Item 5.02.   Departure of Directors or Certain Officers; Election of Directors; Appointment of Certain Officers; Compensatory Arrangements of Certain Officers.
Employment Agreements with Named Executive Officers
     On December 18, 2008, the Compensation, Governance and Nominating Committee (the “Committee”) of Neoprobe Corporation (the “Company”) approved employment agreements with each of: (a) David C. Bupp, the Company’s President and Chief Executive Officer; (b) Brent L. Larson, the Company’s Vice President, Finance, Chief Financial Officer, Treasurer and Secretary; and (c) Anthony K. Blair, the Company’s Vice President, Manufacturing Operations. The employment agreement between the Company and Mr. Bupp has a stated term of 12 months, commencing January 1, 2009, and terminating December 31, 2009. The employment agreements between the Company and Messrs. Larson and Blair have stated terms of 24 months, each commencing January 1, 2009, and terminating December 31, 2010. The following is a description of the substantially identical material terms of the aforementioned employment agreements.
     Each employee will receive an annual base salary as set forth on the schedule filed herewith as Exhibit 10.2, which schedule sets forth the material details in which each employment agreement differs from the form filed herewith as Exhibit 10.1. Each employee shall also receive an annual bonus at the discretion of the Company, in accordance with any bonus plan adopted by the Committee. For the calendar year ending December 31, 2009, the Committee has determined that the maximum bonus payment to Mr. Bupp will be $90,000 and that Mr. Bupp will be eligible for the payment of the appropriate portion of the bonus for such calendar year in the event the Company does not renew the employment of Mr. Bupp after December 31, 2009. The amended employment agreements also provide for the employees’ participation in the Company’s employee benefit programs, stock based incentive compensation plans and other benefits as described in the employment agreements.
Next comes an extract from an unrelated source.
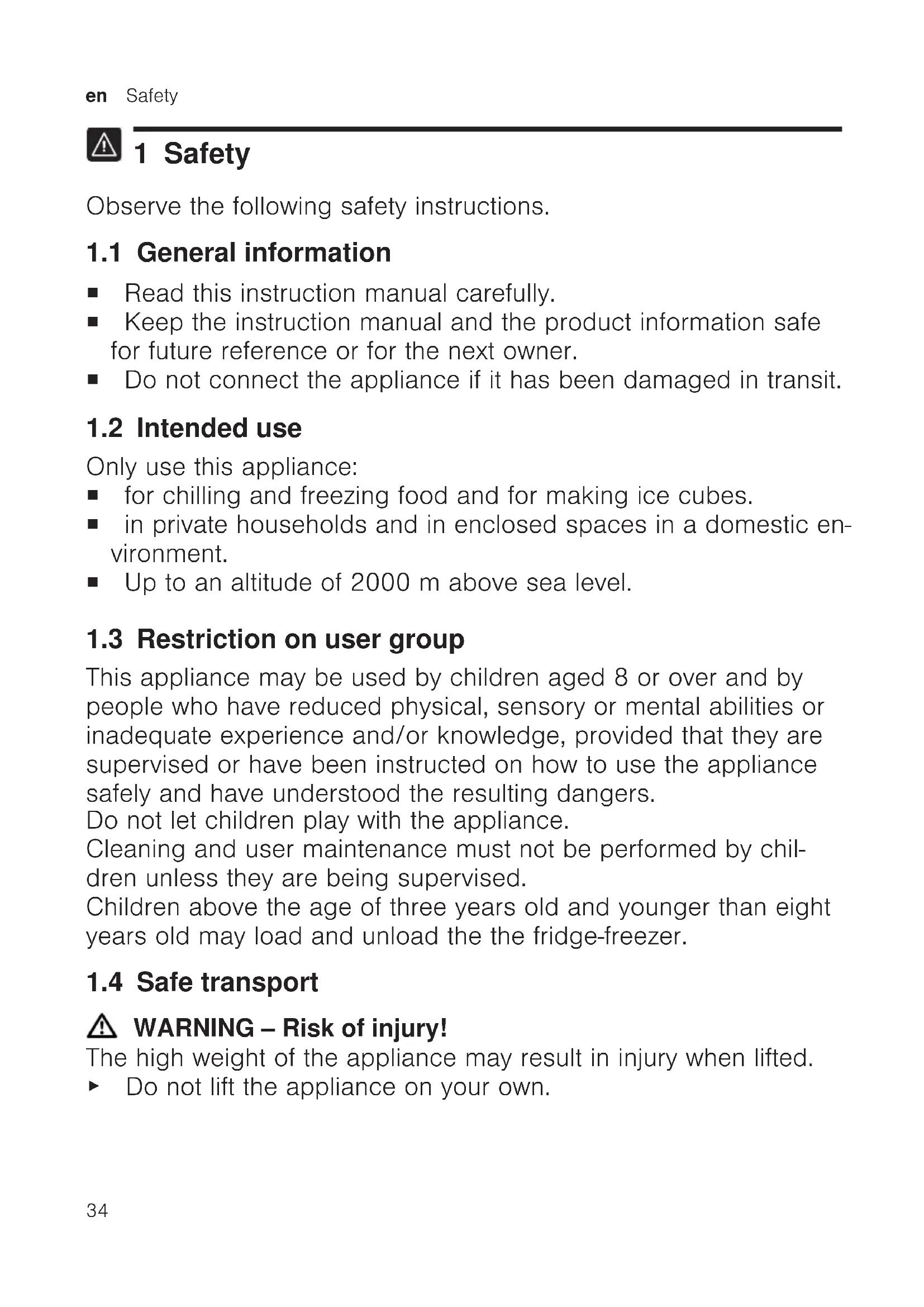 1 Safety Observe the following safety instructions. 1.1 General information ¡ Read this instruction manual carefully. ¡ Keep the instruction manual and the product information safe for future reference or for the next owner. ¡ Do not connect the appliance if it has been damaged in transit. 1.2 Intended use Only use this appliance: ¡ for chilling and freezing food and for making ice cubes. ¡ in private households and in enclosed spaces in a domestic en- vironment. ¡ Up to an altitude of 2000 m above sea level. 1.3 Restriction on user group This appliance may be used by children aged 8 or over and by people who have reduced physical, sensory or mental abilities or inadequate experience and/or knowledge, provided that they are supervised or have been instructed on how to use the appliance safely and have understood the resulting dangers. Do not let children play with the appliance. Cleaning and user maintenance must not be performed by chil- dren unless they are being supervised. Children above the age of three years old and younger than eight years old may load and unload the the fridge-freezer. 1.4 Safe transport WARNING‒Risk of injury! The high weight of the appliance may result in injury when lifted. ▶ Do not lift the appliance on your own.Safety en

     In the event of termination of an employee “for cause” all salary, benefits and other payments shall cease at the time of termination, and the Company shall have no further obligations to the employee. If an employee resigns for any reason other than a Change of Control (as that term is defined in the employment agreements) as described below, all salary, benefits and other payments shall cease at the time such resignation becomes effective. If an employee dies or his employment is terminated because of disability, all salary, benefits and other payments shall cease at the time of death or disability, provided, however, that the Company shall: (a) continue to provide Mr. Bupp with such health, dental and similar insurance or benefits as were provided to Mr. Bupp immediately before his termination for the longer of 36 months after such termination or the full unexpired term of his employment agreement; and (b) continue to provide either of Messrs. Larson or Blair with such health, dental and similar insurance or benefits as were provided to Messrs. Larson or Blair immediately before his termination for the longer of 12 months after such termination or the full unexpired term of his employment agreement.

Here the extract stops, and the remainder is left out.